3.2 Correlation analyses

Linear regression analysis shows highly significant (P < 0.001) positive correlations between FAVTI outcome and GA in all three methods. The coefficients of determination (R2) were 0.272, 0.177 and 0.201 with ALDAF-AO, ALDAF-PA and LV In/Out measurement, respectively (Fig. 3). The strongest correlation was identified in ALDAF-AO, in which the predicted estimation was 1.02 × GA (weeks) ± 87.82. Fig. 4A–C show outcomes of the Bland-Altman analysis with a FAVTI correlation strongest in ALDAF-AO versus ALDAF-PA (r = 0.57, P < 0.001) (Fig. 4C). This magnitude of correlation was confirmed in the mean FAVTIs difference values (95% CI) of 2.5 (–24.7, 29.7) between ALDAF-AO and ALDAF-PA, ALDAF-AO versus LV In/Out at –3.8 (–30.3, 22.7) and ALDAF-PA versus LV In/Out at –6.3 (–33.9, 21.3) (Table 3).

Fig. 3.

Linear regression analyses between FAVTI and gestational age (weeks). (A) ALDAF-AO; (B) ALDAF-PA; (C) LV In/Out.
FAVTI, fetal atrioventricular time intervals; ALDAF, antegrade late diastolic arterial blood flow; AO, aorta; PA, pulmonary artery; LV In/Out, left ventricular inflow/outflow; R2, square of the correlation.
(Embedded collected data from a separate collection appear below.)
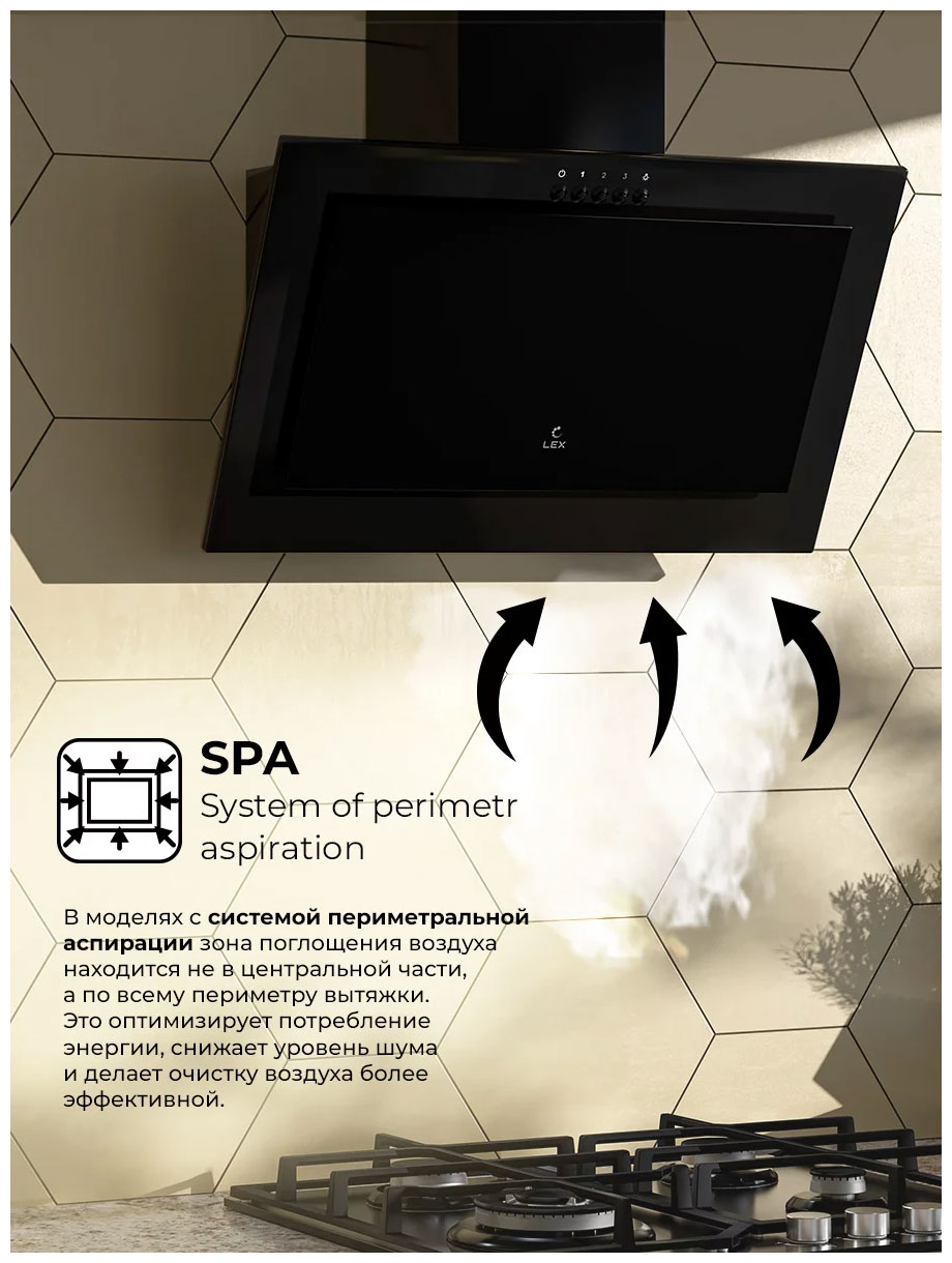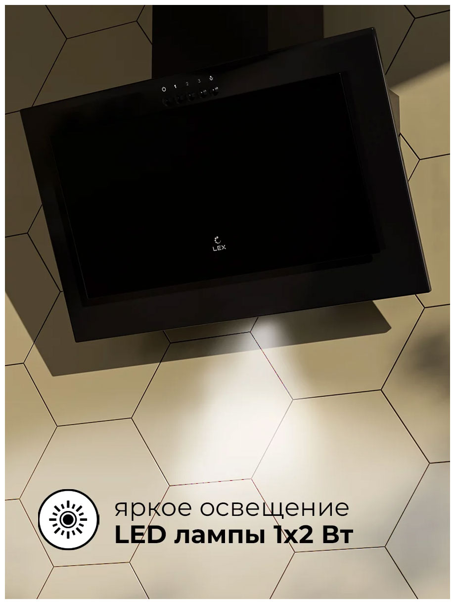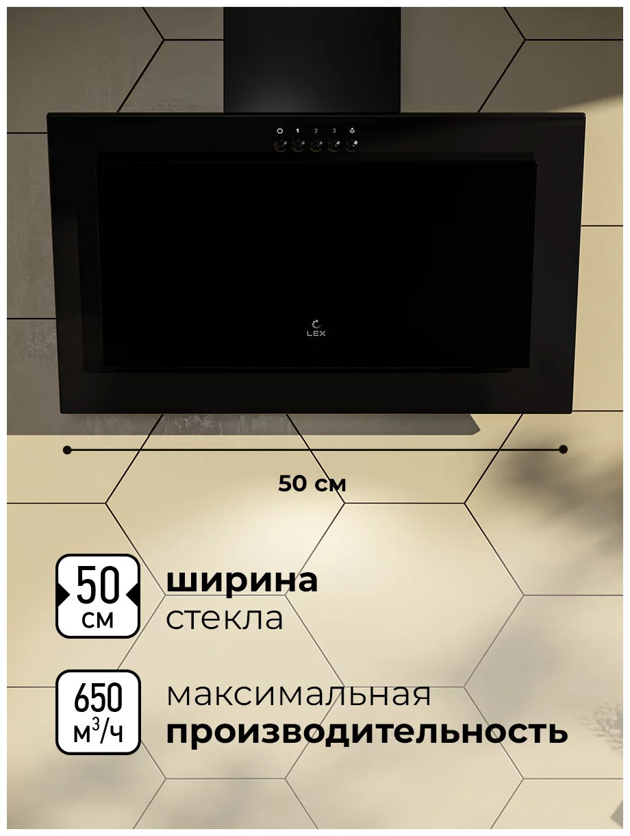 Описаниевытяжка наклонная, 50 см, 650 м3/ч, черный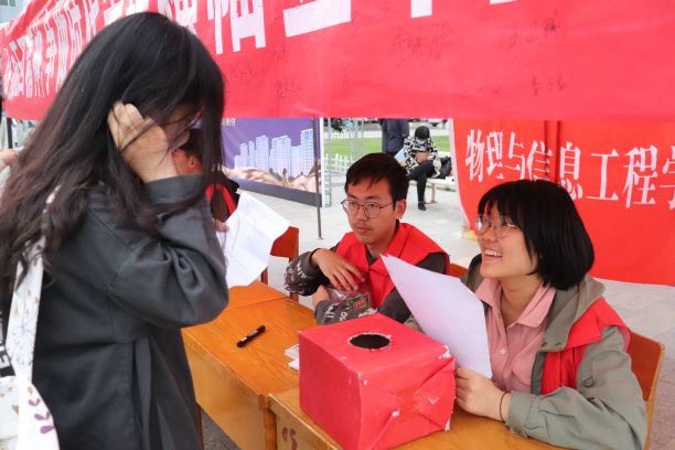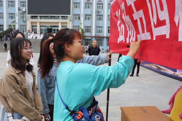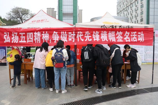 活动前期,志愿者们准备了大量关于五四运动、五四精神的知识竞答题目,在活动现场,志愿者们邀请来自各个学院的员工参与知识竞答,以寓教于乐的方式引导大家对五四运动有了更多的关注和认识。在写有活动主题“弘扬五四精神,争做时代先锋”的条幅上,大家纷纷签名,表达了同学们秉持不忘初心、牢记使命的信念,争做新时代的开拓者和建设者的决心。(文/2001班 程钰祺 摄/2004班 宁紫轩)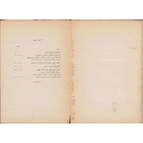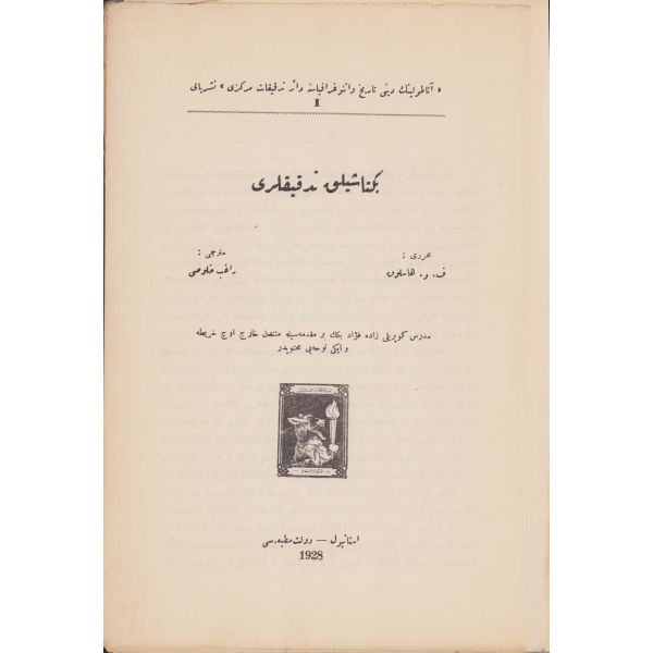 Kitapta Osmanlıca çevirmeni Kilisli Rıfat'tan Ragıp Paşa Kütüphanesi müdürü Fazıl beye 1943 yılında hediyedir yazılı. Ahmet Rıfat Bilge (1874, Kilis - 1953, Ankara), Türkoloji çalışmalarıyla tanınan bilim insanı ve öğretmen. Kâşgarlı Mahmud'un Dîvânü Lugati't-Türk adlı eserinin neşir ve tercümesini yapmış, döneminin birçok filozof ve araştırmacısıyla yakın ilişkiler kurmuştur. Türkler ve Türklükle alakalı birçok eserin ilk incelemesini yapması bu alanda tanınmasına vesile olmuştur. "Kilisli Muallim Rifat" olarak da bilinmektedir.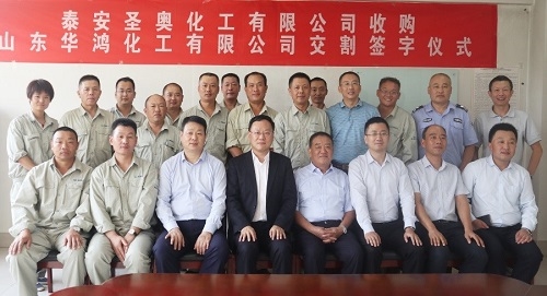 9月6日下昼,,,,圣奥化学科技有限公司(以下简称“圣奥化学”)下属泰安圣奥化工有限公司(以下简称“泰安圣奥”)收购山东华鸿化工有限公司(以下简称“山东华鸿”)股权交割仪式在山东华鸿举行。。。。。。。泰安圣奥总司理闫德刚与山东华鸿董事长于万震划分在股权交割备忘录上签字。。。。。。。自交割完成日起,,,,圣奥化学将通过泰安圣奥持有山东华鸿100%股权。。。。。。。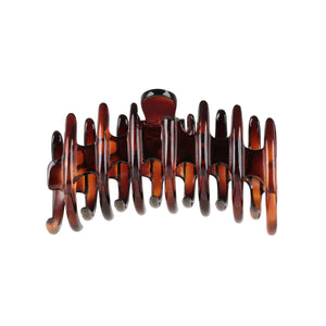 The Christina Medium Tortoiseshell Claw Clip, made from durable Cellulose Acetate, features a covered spring and a sleek lacquer-coated finish. It’s designed to securely hold your hair up in a bun or gather a section of your hair with ease.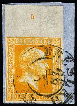 3 Sgr. orange, dünnes Papier (zur Prüfung gelöst und replatziert), mit 11mm breitem oberem Bogenrand auf Kabinettbriefstück mit K2 "Breslau`", sign. Bringmann, aus der 22. Hess-Auktion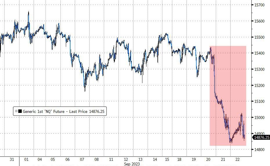 托尼提到,在经历了这几个月虚张声势的软着陆希望之后,美联储认真对待长期走高的问题,美国股市乘电梯下降了,罗素2000指数和同等权重标准普尔500指数今年迄今的升幅几乎被抹去。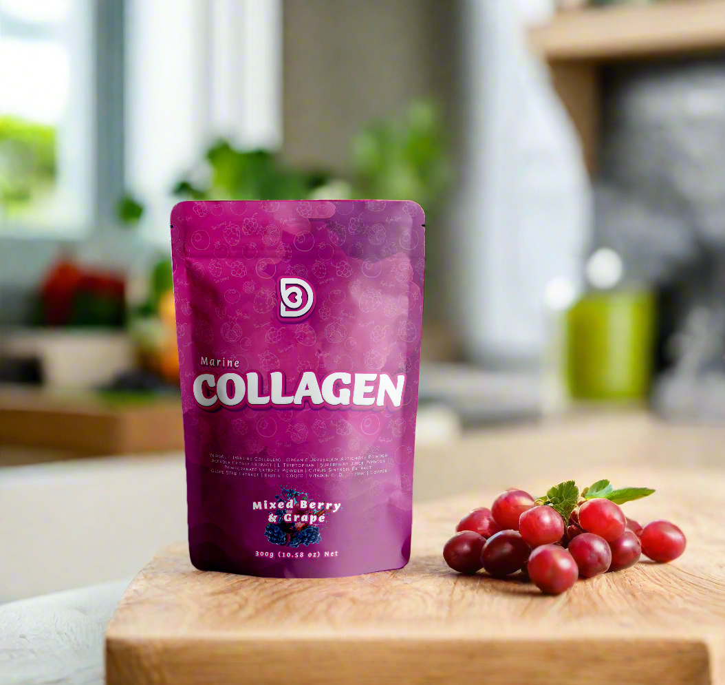 Unlock your skin’s natural radiance with our premium blend of clinically proven marine collagen peptides and nutrient-rich superfoods. Formulated with VERISOL® F Hydrolyzed Marine Collagen, this delicious Mixed Berry & Grape Flavour supplement is your daily ritual for youthful, glowing skin, stronger nails, and healthier hair.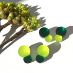 Náušnice ve tvaru dvou spojených bublin v nových barevných kombinacích inspirovaných jarem. Nově jsou dostupné v kombinacích limetková zelená - smaragdová zelená a obráceně.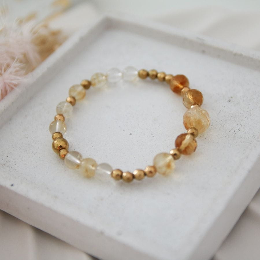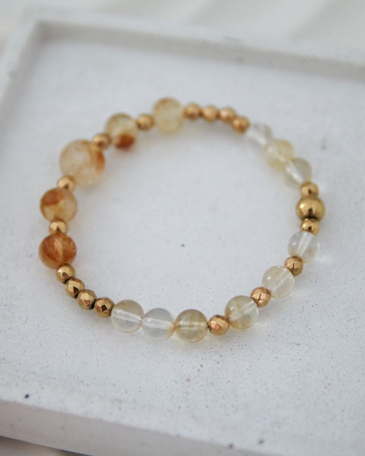 Bransoletka składa się z kamieni szlachetnego Cytrynu oraz złotego hematytu. Wielkość kamieni to 10mm,8mm,6mm. Koraliki nawleczone są na elastyczną żyłkę jubilerską, dostępne w dwóch rozmiarach do wyboru: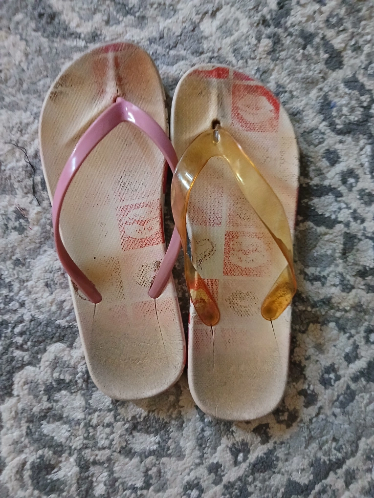 Selling a pair of used flip flops. They show signs of wear, as you can see in the pictures. Still have some life left in them!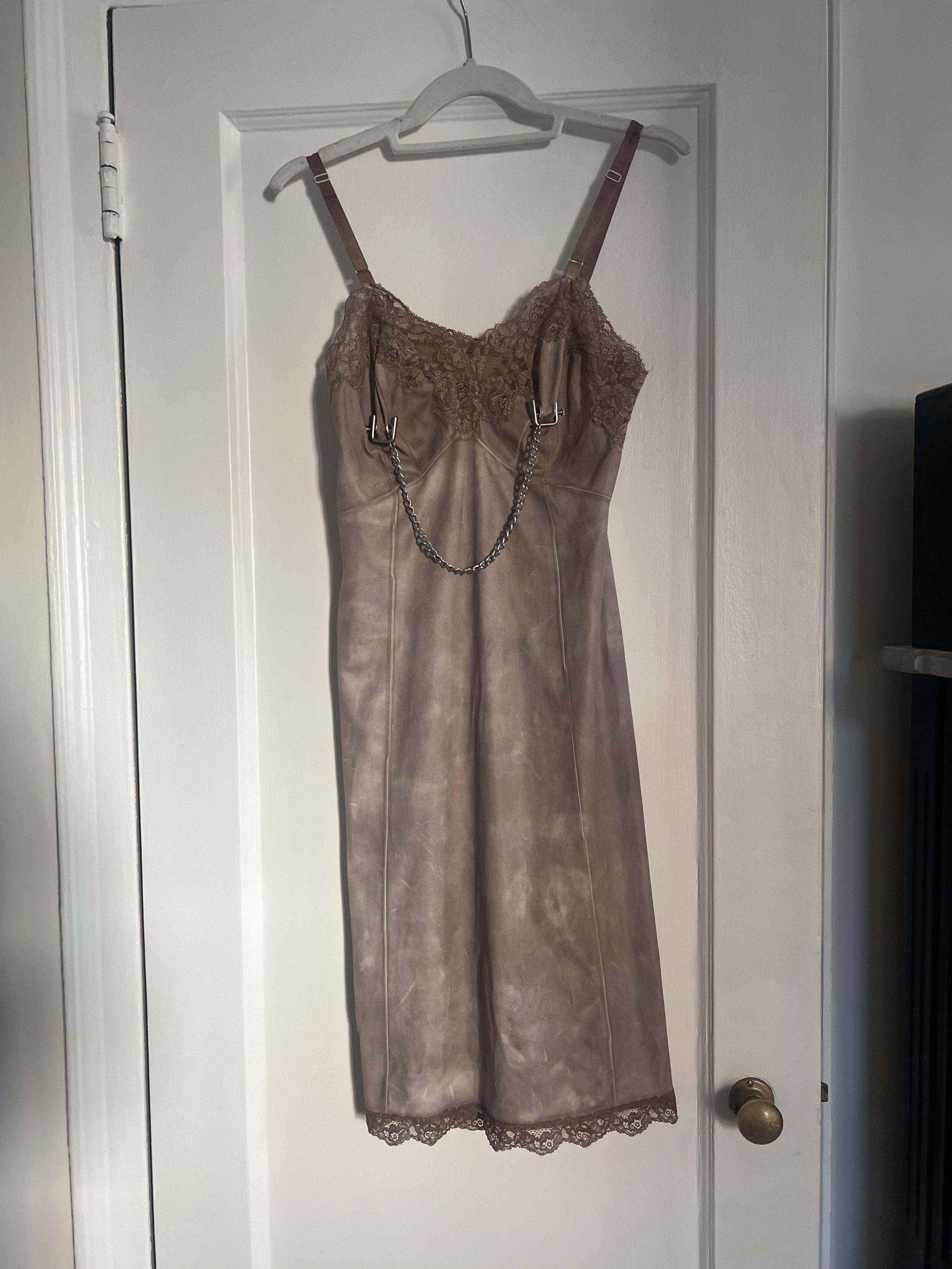 This was the fetish dress after the first few rounds of waxing, dying and bleaching. the wax gave it this almost leather like look to it, which happened on accident of course, but it was all part of the experiment.

Lines denote regressions and 95% confidence limits for individual observations.

Fig. 4.

Bland-Altman analysis of FAVTI. (A) ALDAF-AO versus LV In/Out; (B) ALDAF-PA versus. LV In/Out; (C) ALDAF-AO versus ALDAF-PA.
FAVTI, fetal atrioventricular time intervals; ALDAF, antegrade late diastolic arterial blood flow; AO, aorta; PA, pulmonary artery; LV in/out, left ventricular inflow/outflow.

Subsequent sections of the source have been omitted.